Are Putin's agents behind shooting?


Speculation of the involvement of Russian agents intent on silencing opponents to President Vladimir Putin's regime, wherever they may be, has increased with an attempted murder in America and an apparent suicide in Moscow.


On the face of it the two incidents appear to have nothing in common, but Paul Joyal, shot in Adelphi, Maryland, on Saturday, is a friend of Alexander Litvinenko, the former Russian spy poisoned with polonium in London last year. And in Moscow, Ivan Safronov, 51, was an ex-colonel and journalist for Kommersant who had irritated the Russian FSB security service with his frequent exposes. He was reported dead yesterday after apparently falling from a fourth floor window of his apartment block on Friday. The shooting of Mr Joyal, 53, was part of an apparent robbery, but law enforcement sources last night said it could merely have been a set-up. Mr Joyal, who struck up a friendship with Mr Litvinenko during visits to London, had recently told NBC's Dateline programme that the Russian's death was an act of "political retribution".

The Guardian reports from Copenhagen where

Tearful protesters fail to save historic centre

Hundreds of tearful and angry protesters gathered outside a youth community centre in Copenhagen yesterday to watch as a hydraulic excavator tore into the building, bringing to an end more than 100 years of political history.
The "Ungdomshuset" or Youth House which once hosted Vladimir Lenin, has been the focus of street riots in recent days following the eviction of squatters from the building which has been sold to a rightwing Christian sect.

The remnants of Sunday's bad weather are reported in the papers,the Times amongst many papers reports on a failed rescue in Cornwall

BBC crew tried to save couple swept from harbour wall

Members of a BBC television crew have spoken of how they fought to save the lives of a man and a woman who were swept to their deaths from a harbour wall.
The pair, who were holidaying in Cornwall, had been walking hand-in-hand along the breakwater at Mullion Cove on the Lizard peninsula when they were hit by a wave on Sunday afternoon. The BBC crew had just arrived at the cove when the sound engineer, Mark Killingback, saw the pair disappear into the sea. He ran to the cliff-top to get a signal on his mobile phone while his colleagues Julian Sturdy and David Viner went to the couple’s aid.

The Mirror reports that

DROWN EVENT WILL GO ON

A TOUGH endurance event for children will go ahead despite the death of a 14-year-old girl in training.
Charlotte Shaw drowned after falling into a rain-swollen Dartmoor river in the lead-up to the 55-mile Ten Tors challenge.
The keen gymnast was hiking with classmates from £2,345-a-term Edgehill College in Bideford, Devon.
Twenty teenagers from three school groups had to be rescued from the moor in the training run in atrocious weather.
But the Army, which has organised the Ten Tors expedition since 1960, said yesterday the event would go ahead as planned in May. An Army spokesman described Charlotte's death as "very sad". He added: "This is the first time a fatality has occurred either in training or during the event."
Charlotte's headmaster Stuart Nicholson said yesterday: "Our hearts go out to her family. We are all shocked by the tragedy and are working to support the pupils and staff in coming to terms with it. The pupil was a delightful member of our school community.

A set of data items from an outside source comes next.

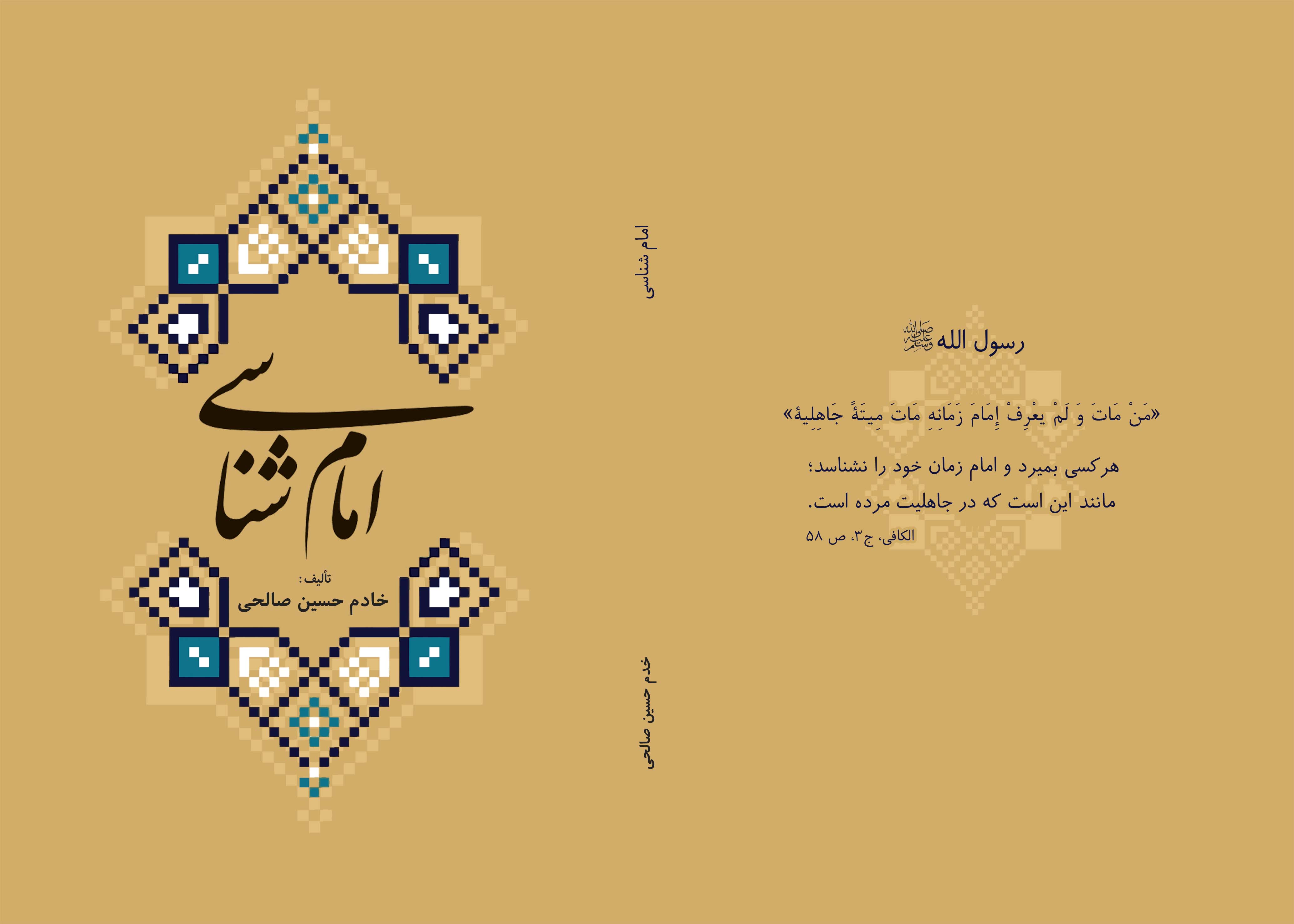 امام شناسی نویسنده: خادم حسین صالحی ■ ناشر: انتشارات رسالت یعقوبی ■ چاپ: اول 1403 ■ تعداد: 500 نسخه ■ قیمت: 300،000 تومان شابک: 1-67-7234-622-978 تمامی حقوق این اثر متعلق به مؤلف میباشد. مرکز پخش: قم: بلوار معلم، مجتمع ناشران، انتشارات رسالت یعقوبی واحد 41 تلفن: 37742092 فاکس: 37739264 همراه: 09122511196
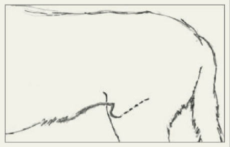 For most male dogs, the conventional belly band fits in front of the hind legs, behind the penis.
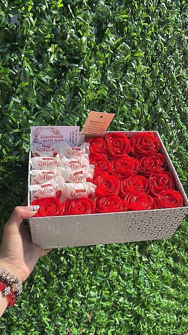 Poklon aranžman u kutiji – ručno rađene satenske ruže + Raffaello -

Finally the Sun reports from the ski slopes where

Chills & Kate slope off on hol

PRINCE William and girlfriend Kate Middleton look oh-snow comfortable together on a romantic ski break.
Wills has whisked Kate to Zermatt in the Swiss Alps where the pair, both 24, are staying in an exclusive chalet.
A pal said: “If he’s going to ask her to marry him, as we hope, special trips like this are vital to their relationship.”
They seemed so happy as they shared a moment on the slopes that Sun reader James Cherington just couldn’t resist taking a quick snap.